BasicBWT API

This page contains part of the pydoc output generated for the BasicBWT class.

CLASSES
__builtin__.object
    BasicBWT

class BasicBWT(__builtin__.object)
 |  This class is the root class for ANY msbwt created by this code regardless of it being compressed or no.
 |  Shared Functions:
 |  __init__
 |  constructIndexing
 |  countOccurrencesOfSeq
 |  findIndicesOfStr
 |  getSequenceDollarID
 |  recoverString
 |  
 |  Override functions:
 |  loadMsbwt
 |  constructTotalCounts
 |  constructFMIndex
 |  getCharAtIndex
 |  getOccurrenceOfCharAtIndex
 |  getBWTRange
 |  getFullFMAtIndex
 |  iterInit
 |  iterNext
 |  iterNext_cython
 |  
 |  Methods defined here:
 |  
 |  __init__(...)
 |      Constructor
 |      Nothing special, use this for all at the start
 |  
 |  countOccurrencesOfSeq(...)
 |      This function counts the number of occurrences of the given sequence
 |      @param seq - the sequence to search for
 |      @param givenRange - the range to start from (if a partial search has already been run), default=whole range
 |      @return - an integer count of the number of times seq occurred in this BWT
 |  
 |  countPileup(...)
 |      This function takes an input sequence "seq" and counts the number of occurrences of all k-mers of size
 |      "kmerSize" in that sequence and return it in an array. Automatically includes reverse complement.
 |      @param seq - the seq to scan
 |      @param kmerSize - the size of the k-mer to count
 |      @return - a numpy array of size (len(seq)-kmerSize+1) containing the counts
 |  
 |  countSeqMatches(...)
 |      This function takes an input sequence "seq" and counts the number of occurrences of all k-mers of size
 |      "kmerSize" in that sequence and return it in an array.
 |      @param seq - the seq to scan
 |      @param kmerSize - the size of the k-mer to count
 |      @return - a numpy array of size (len(seq)-kmerSize+1) containing the counts
 |  
 |  countStrandedSeqMatches(...)
 |      This function takes an input sequence "seq" and counts the number of occurrences of all k-mers of size
 |      "kmerSize" in that sequence and return it in an array.

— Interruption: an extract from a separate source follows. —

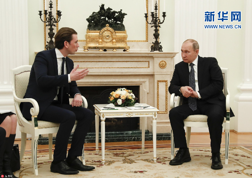 當地時間2月28日,俄羅斯莫斯科,奧地利總理庫爾茨訪問俄羅斯,與俄總統普京在克里姆林宮舉行會晤。(圖片來源:東方IC)

 |      @param seq - the seq to scan
 |      @param kmerSize - the size of the k-mer to count
 |      @return - a numpy array of size (len(seq)-kmerSize+1) containing the counts, and the other choice also
 |  
 |  countStrandedSeqMatchesNoOther(...)
 |      This function takes an input sequence "seq" and counts the number of occurrences of all k-mers of size
 |      "kmerSize" in that sequence and return it in an array.

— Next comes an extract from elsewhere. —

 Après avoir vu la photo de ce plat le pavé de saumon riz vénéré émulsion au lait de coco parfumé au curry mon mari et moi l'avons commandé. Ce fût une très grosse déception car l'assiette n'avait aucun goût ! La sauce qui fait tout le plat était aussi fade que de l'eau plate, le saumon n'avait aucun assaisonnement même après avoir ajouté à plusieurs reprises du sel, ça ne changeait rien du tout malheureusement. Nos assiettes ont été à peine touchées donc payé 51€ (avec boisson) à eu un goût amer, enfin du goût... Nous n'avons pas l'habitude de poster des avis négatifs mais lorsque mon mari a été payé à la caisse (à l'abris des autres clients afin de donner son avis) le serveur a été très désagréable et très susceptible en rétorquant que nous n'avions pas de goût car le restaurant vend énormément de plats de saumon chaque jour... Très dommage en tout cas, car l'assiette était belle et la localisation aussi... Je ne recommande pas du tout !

 |      @param seq - the seq to scan
 |      @param kmerSize - the size of the k-mer to count
 |      @return - a numpy array of size (len(seq)-kmerSize+1) containing the counts
 |  
 |  findIndicesOfRegex(...)
 |      This function will search for a string and find the location of that string OR the last index less than it. It also
 |      will start its search within a given range instead of the whole structure.  Note that have a small tail string can 
 |      lead to fast exponential blowup of the solution space.
 |      @param seq - the sequence to search for with valid symbols [$, A, C, G, N, T, *, ?]

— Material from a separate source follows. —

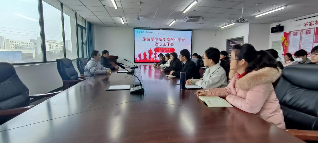 为更好地推进新学期学生干部工作,确保各项任务有序开展,我院于2月26日中午在双创中心310召开了旅游学院新学期学生干部收心工作会议,党总支副书记池水婧、专职辅导员张博、主席团成员、主席团助理、各部门负责人、各班班长团支参加了此次会议,会议由张博主持。

 |          $, A, C, G, N, T - exact match of specific symbol
 |          * - matches 0 or more of any non-$ symbols (may be different symbols)
 |          ? - matches exactly one of any non-$ symbol
 |      @param givenRange - the range to search for, whole range by default
 |      @return - a python list of ranges representing the start and end of the sequence in the bwt
 |  
 |  findIndicesOfStr(...)
 |      This function will search for a string and find the location of that string OR the last index less than it. It also
 |      will start its search within a given range instead of the whole structure
 |      @param seq - the sequence to search for
 |      @param givenRange - the range to search for, whole range by default
 |      @return - a python range representing the start and end of the sequence in the bwt
 |  
 |  findKTOtherStranded(...)
 |      This function takes an input sequence "seq" and counts the number of occurrences of all k-mers of size
 |      "kmerSize" in that sequence and return it in an array.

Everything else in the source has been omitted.